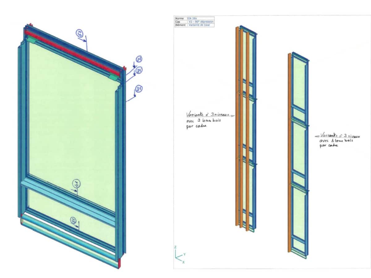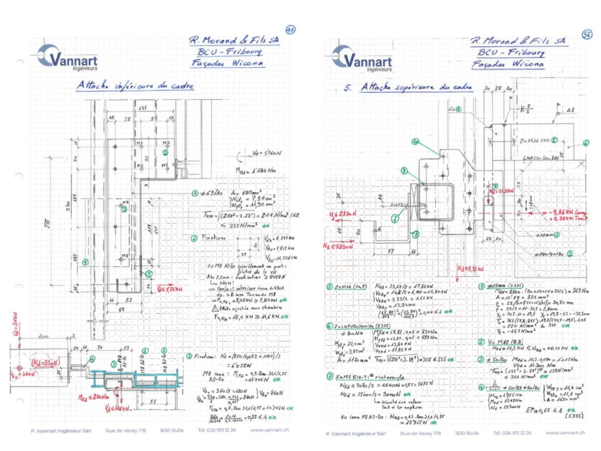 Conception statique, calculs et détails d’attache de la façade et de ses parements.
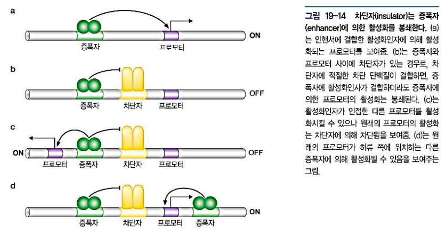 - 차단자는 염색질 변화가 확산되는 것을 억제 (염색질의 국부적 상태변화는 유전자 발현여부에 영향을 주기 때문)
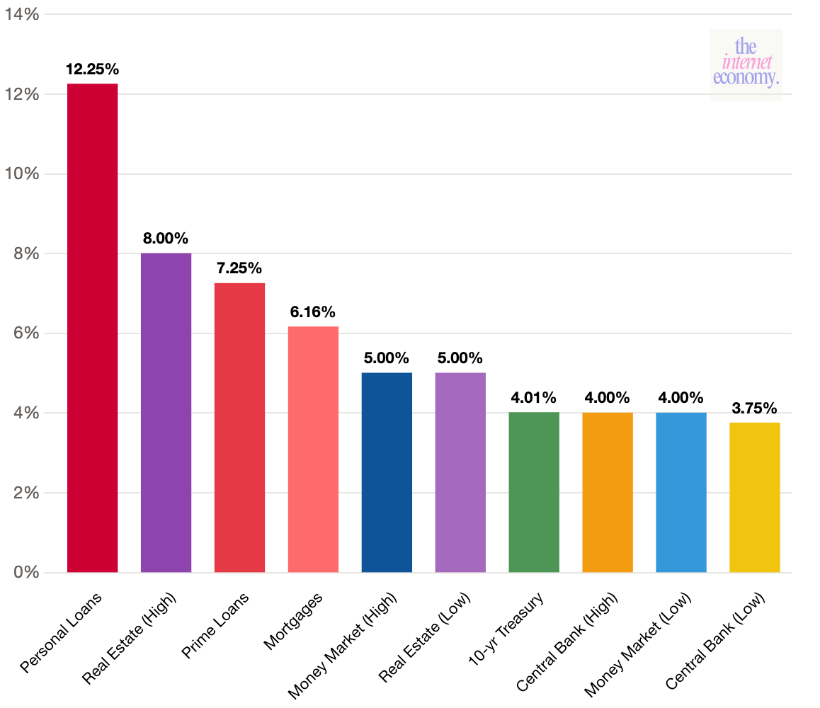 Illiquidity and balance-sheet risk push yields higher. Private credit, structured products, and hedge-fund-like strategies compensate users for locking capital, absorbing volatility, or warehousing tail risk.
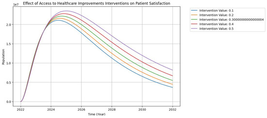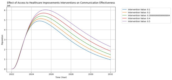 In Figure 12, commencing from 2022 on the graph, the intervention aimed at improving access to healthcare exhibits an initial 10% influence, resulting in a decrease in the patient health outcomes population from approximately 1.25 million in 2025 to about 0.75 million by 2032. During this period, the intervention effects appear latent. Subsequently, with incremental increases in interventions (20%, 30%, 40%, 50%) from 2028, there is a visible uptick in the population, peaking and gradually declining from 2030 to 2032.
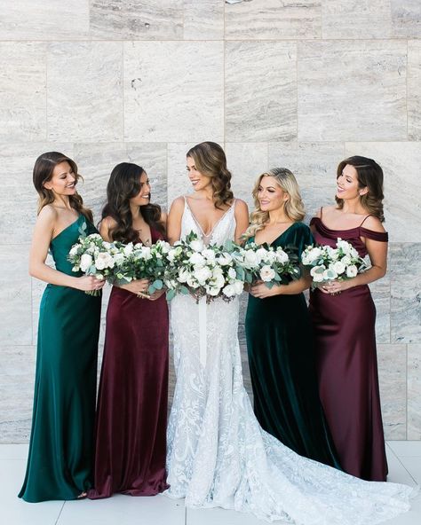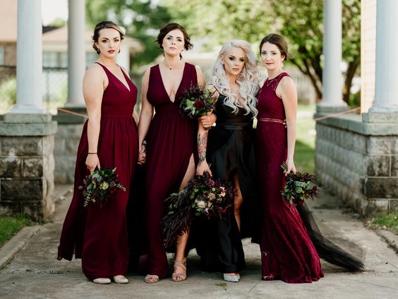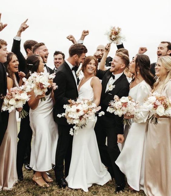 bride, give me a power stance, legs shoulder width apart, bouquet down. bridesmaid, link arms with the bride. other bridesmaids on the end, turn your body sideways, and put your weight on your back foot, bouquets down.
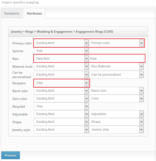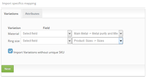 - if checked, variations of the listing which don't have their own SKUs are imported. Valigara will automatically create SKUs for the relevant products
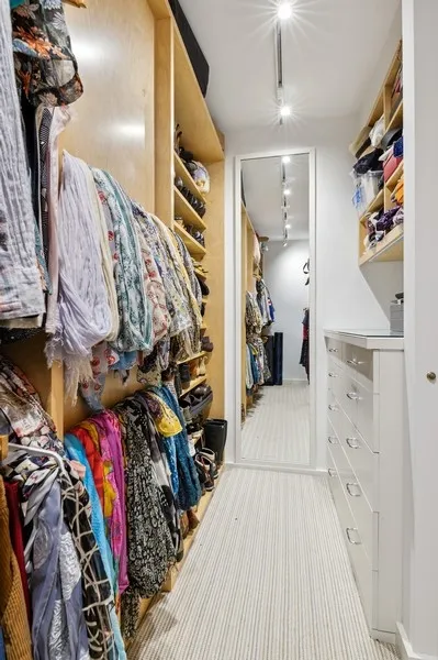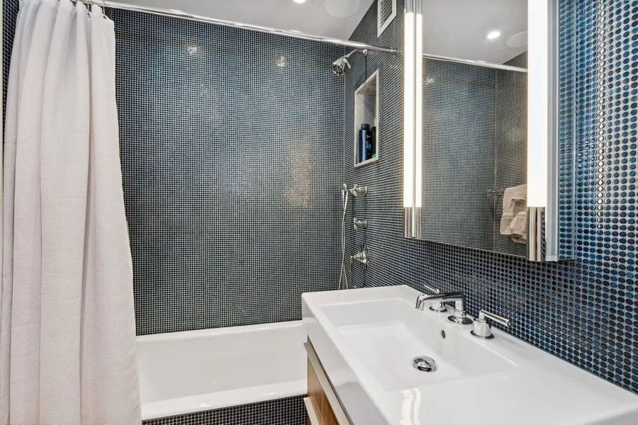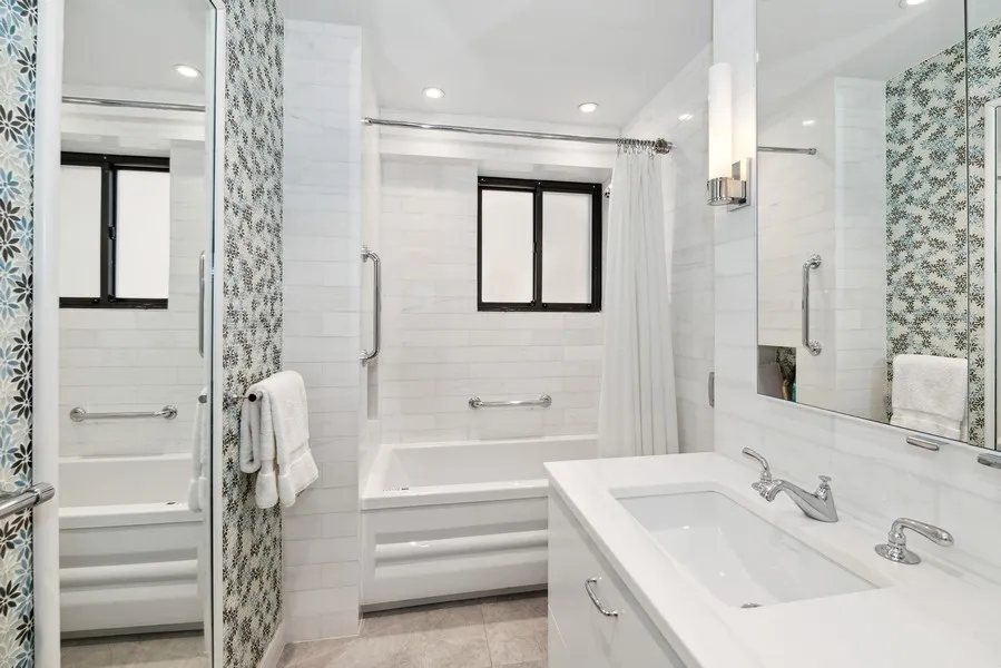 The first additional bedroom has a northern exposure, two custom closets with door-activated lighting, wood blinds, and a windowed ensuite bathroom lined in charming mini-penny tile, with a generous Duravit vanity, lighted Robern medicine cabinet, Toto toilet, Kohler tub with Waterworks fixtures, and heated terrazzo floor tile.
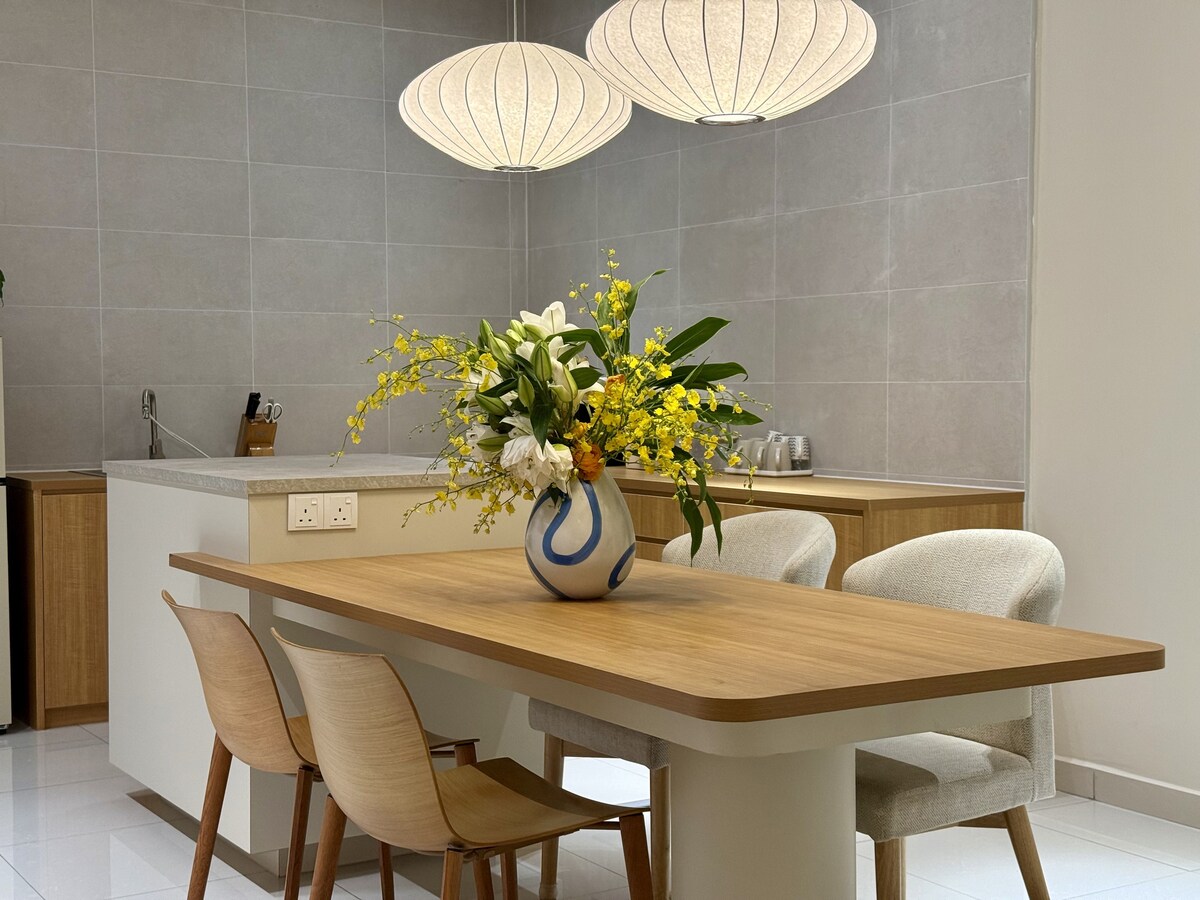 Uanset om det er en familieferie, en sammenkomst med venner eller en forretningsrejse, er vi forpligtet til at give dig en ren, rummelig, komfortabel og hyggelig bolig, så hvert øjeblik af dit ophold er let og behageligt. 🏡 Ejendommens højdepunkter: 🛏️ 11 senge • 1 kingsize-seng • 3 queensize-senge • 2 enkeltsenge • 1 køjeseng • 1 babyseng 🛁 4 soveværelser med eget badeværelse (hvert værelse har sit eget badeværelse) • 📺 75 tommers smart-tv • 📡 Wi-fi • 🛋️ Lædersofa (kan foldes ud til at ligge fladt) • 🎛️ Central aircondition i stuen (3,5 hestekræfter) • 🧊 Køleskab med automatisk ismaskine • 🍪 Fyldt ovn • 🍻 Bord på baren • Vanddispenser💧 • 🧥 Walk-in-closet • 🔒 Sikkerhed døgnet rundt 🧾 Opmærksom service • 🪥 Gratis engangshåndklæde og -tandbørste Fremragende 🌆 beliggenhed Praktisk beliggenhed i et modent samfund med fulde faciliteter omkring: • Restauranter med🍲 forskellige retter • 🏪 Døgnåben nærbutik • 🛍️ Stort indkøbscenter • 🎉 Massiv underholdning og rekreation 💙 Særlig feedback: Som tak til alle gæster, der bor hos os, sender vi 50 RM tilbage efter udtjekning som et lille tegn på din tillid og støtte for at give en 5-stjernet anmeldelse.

····················

- **PROBLEM REQUIREMENTS**:
Give back, exactly as written, the lines from the top of the material above to the line containing "- 차단자는 염색질 변화가", both included; skip every picture.

- **ANSWER SPACE**:
 Conception statique, calculs et détails d’attache de la façade et de ses parements.
 - 차단자는 염색질 변화가 확산되는 것을 억제 (염색질의 국부적 상태변화는 유전자 발현여부에 영향을 주기 때문)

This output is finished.